Au lieu de ce vieillard malin, madré, rompu aux affaires, Émile Ollivier choisit Napoléon Daru, homme sage, parlementaire et froid, qui lui aussi, sans nul doute, ne se fût pas emporté, comme un poulain sans licol, lorsque l’incident du trône d’Espagne surgit tout à coup. À l’heure où le grand péril nous menaça, il n’était plus ministre des Affaires étrangères ; fatigué de lutter sans résultat contre les exigences de la papauté, désapprouvant le plébiscite, il avait donné sa démission et s’était retiré. C’est alors qu’Émile Ollivier confia la direction de la diplomatie française au duc de Gramont, ambassadeur à Vienne. Je l’avais côtoyé, au temps de ma primevère, alors qu’il n’était encore que le duc Agénor de Guiche. Sa mère était la sœur du fameux comte d’Orsay qui, en Angleterre, fut le successeur de Brummel et le lion préféré pendant de longues années. Peu de femmes ont été plus belles ; je ne l’ai vue que vieille, étalant sur ses larges épaules un énorme collier d’améthystes, mais elle attirait encore et retenait les regards.

Pendant toute la durée de la Restauration, la famille de Gramont, qui avait les duchés de Gramont, de Guiche et de Lesparre, était très bien en cour, et Agénor fut le menin du duc de Bordeaux. J’ai connu Agénor de Guiche ultra-légitimiste, rêvant de reconstituer une Vendée militaire et de faire la guerre dans le Bocage ; en 1850, il assiste aux obsèques du roi Louis-Philippe, mort à Claremont ; au mois de décembre 1851, il se rallie énergiquement au coup d’État ; en 1852, il est nommé ministre plénipotentiaire à Stuttgart.

Dans je ne sais quelle affaire diplomatique qui s’était dénouée à Vienne pendant son ambassade, il avait été en conflit avec Bismarck ; il n’était pas de force à lutter avec un tel jouteur et il était sorti de là battu à plate couture.
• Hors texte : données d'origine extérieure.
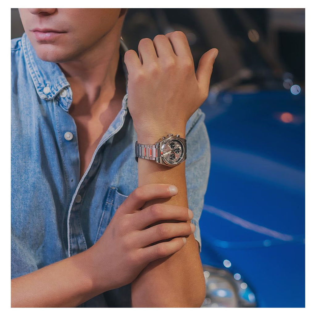 Presentamos el cronógrafo de deportes motorizados de EDIFICE inspirado en el automóvil deportivo clásico. Las llamativas barras de índice se unen al legendario diseño de dial 3-6-9 insertado en un diseño deportivo tradicional.
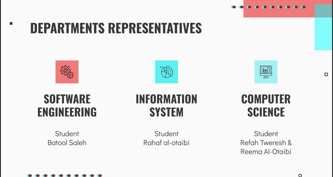 وقد شارك في هذا اللقاء مساعدة الوكيلة للشؤون الأكاديمية د.عائشة آدم و عضوة من وحدة الارشاد الاكاديمي د. راوية المكني و مشرفة مبادرة (علم وتعلم ) التابعة لوحدة الإرشاد الاكاديمي الطالبة جوزاء القحطاني , ومسؤولة وحدة العمل الطلابي أ.ريم الدميخي , ومسؤولة التعليم الالكتروني أ.امتثال النور , مسؤولة نادي الابداع أ.جابين نزير , ومسؤولة نادي البرمجة أ.شابانا زياد , وعدد من الطالبات المشاركات في أندية الكلية .
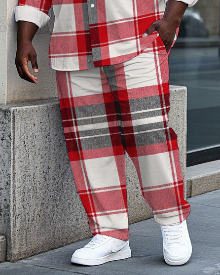 Big Men's Classic Black & Red Plaid Printed Casual Business Long Sleeve Shirt Pants Set
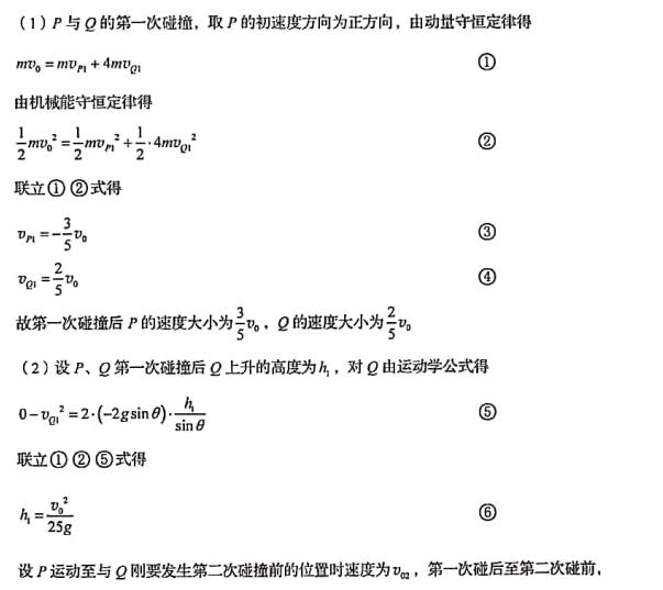 (1)求P与Q第一次碰撞后瞬间各自的速度大小Vp1、VQ1;
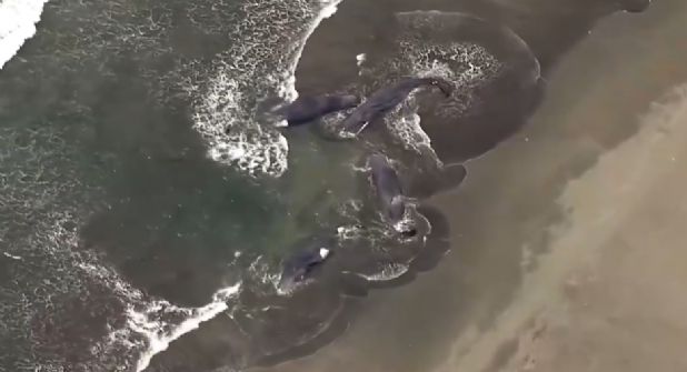 Un hombre que salió a comprobar la altura de las olas antes de ir a surfear vio a las cuatro ballenas en la orilla y grabó un vídeo en el que se pueden ver varias ballenas moviendo las aletas, según recoge la cadena japonesa NHK.
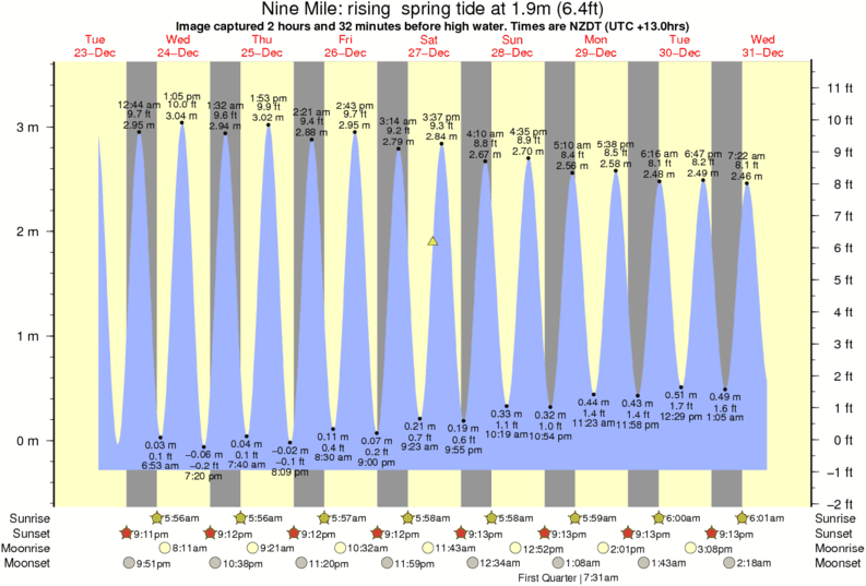 Forecast wind and swell just offshore from Nine Mile around the time the photo was taken
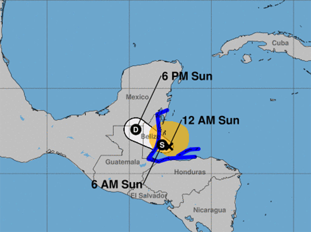 Un aviso del Servicio Meteorológico Nacional (SMN) refirió que a las 21:00 hora local su centro se localizaba a unos 145 km al sureste de Ciudad Belice, Belice, y a 245 km al sur-sureste de Chetumal, Quintana Roo, en el sur de México.
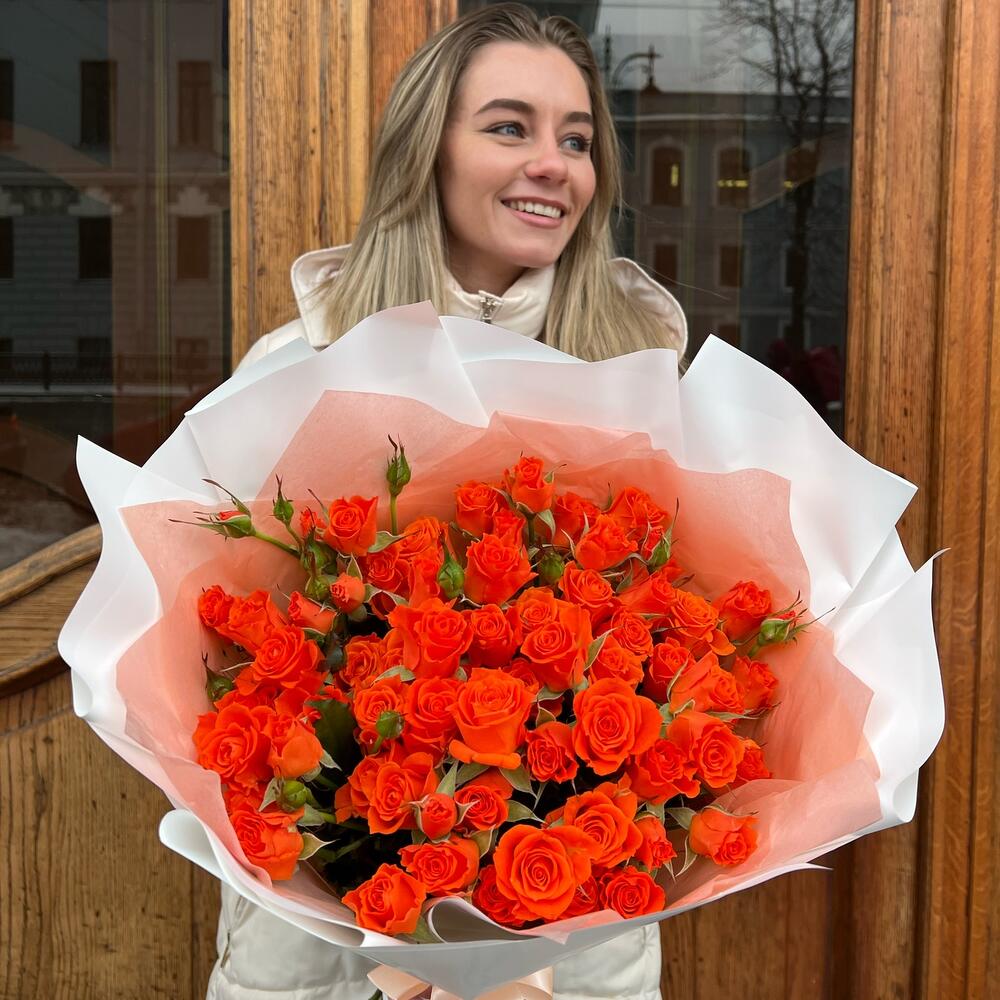 Букет из 15 кустовых роз 60см

Il en résultat contre le futur chancelier de l’Empire d’Allemagne un ressentiment, pour ne pas dire une haine, qui ne servit point nos intérêts à l’heure décisive. Il fut avec Émile Ollivier l’agent actif et prépondérant de la guerre de 1870. Le grand seigneur français, fier de ses ancêtres, voulut donner une leçon au petit hobereau des Marches de Brandebourg.

Ses façons de gentilhomme, sa manière de porter la tête comme un jeune premier, sa parole dédaigneuse, la nonchalance de son attitude pendant le Conseil des ministres, son titre même produisaient un grand effet sur Ollivier, qui se sentait captivé et qui en avait plein la bouche, lorsqu’il disait : « mon cher duc ». Ollivier malgré son éloquence et certaines qualités que l’on serait injuste de ne lui point reconnaître, appartenait à la catégorie de ce que l’on appelle : « les petites gens ». Toute grandeur réelle ou factice l’éblouissait un peu. En outre, il ne savait rien de la diplomatie, il ne se rendait pas nettement compte de l’état de nos relations avec les différents gouvernements d’Europe ; à cet égard, il s’en rapportait au duc de Gramont et l’écoutait comme un oracle.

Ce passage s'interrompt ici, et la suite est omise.